Problem details: Copy the data exactly. Images are to be left out.

Dataset content:

_ _ _ _ _ _ _

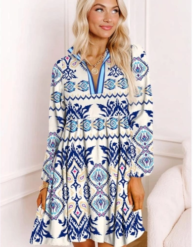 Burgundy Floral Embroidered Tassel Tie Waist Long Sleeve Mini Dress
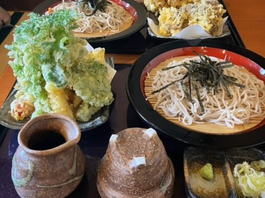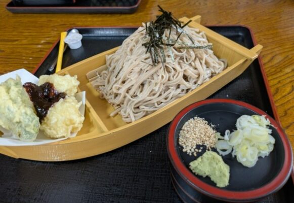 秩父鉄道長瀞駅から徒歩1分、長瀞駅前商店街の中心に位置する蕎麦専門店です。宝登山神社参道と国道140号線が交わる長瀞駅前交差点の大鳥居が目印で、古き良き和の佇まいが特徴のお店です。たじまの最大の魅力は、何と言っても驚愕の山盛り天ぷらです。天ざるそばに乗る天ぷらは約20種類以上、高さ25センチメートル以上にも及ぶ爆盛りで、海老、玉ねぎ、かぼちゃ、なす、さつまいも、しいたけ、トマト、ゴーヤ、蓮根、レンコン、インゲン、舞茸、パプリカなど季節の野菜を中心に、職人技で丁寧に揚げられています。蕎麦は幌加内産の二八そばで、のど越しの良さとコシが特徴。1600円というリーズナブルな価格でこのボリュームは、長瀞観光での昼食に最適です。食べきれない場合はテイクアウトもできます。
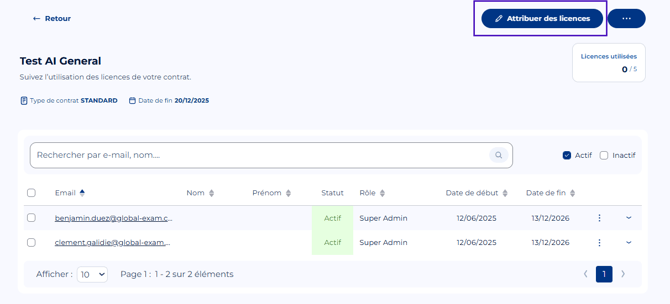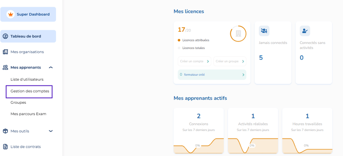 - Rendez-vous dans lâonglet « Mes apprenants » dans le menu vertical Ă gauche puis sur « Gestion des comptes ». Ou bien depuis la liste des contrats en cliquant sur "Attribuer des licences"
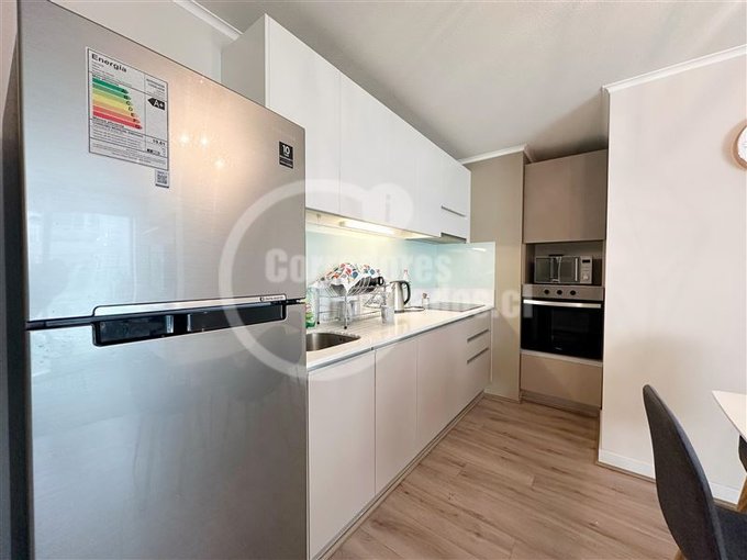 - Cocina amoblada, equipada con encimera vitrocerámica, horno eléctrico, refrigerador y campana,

_ _ _ _ _ _ _

Response:
 Burgundy Floral Embroidered Tassel Tie Waist Long Sleeve Mini Dress
 秩父鉄道長瀞駅から徒歩1分、長瀞駅前商店街の中心に位置する蕎麦専門店です。宝登山神社参道と国道140号線が交わる長瀞駅前交差点の大鳥居が目印で、古き良き和の佇まいが特徴のお店です。たじまの最大の魅力は、何と言っても驚愕の山盛り天ぷらです。天ざるそばに乗る天ぷらは約20種類以上、高さ25センチメートル以上にも及ぶ爆盛りで、海老、玉ねぎ、かぼちゃ、なす、さつまいも、しいたけ、トマト、ゴーヤ、蓮根、レンコン、インゲン、舞茸、パプリカなど季節の野菜を中心に、職人技で丁寧に揚げられています。蕎麦は幌加内産の二八そばで、のど越しの良さとコシが特徴。1600円というリーズナブルな価格でこのボリュームは、長瀞観光での昼食に最適です。食べきれない場合はテイクアウトもできます。
 - Rendez-vous dans lâonglet « Mes apprenants » dans le menu vertical Ă gauche puis sur « Gestion des comptes ». Ou bien depuis la liste des contrats en cliquant sur "Attribuer des licences"
 - Cocina amoblada, equipada con encimera vitrocerámica, horno eléctrico, refrigerador y campana,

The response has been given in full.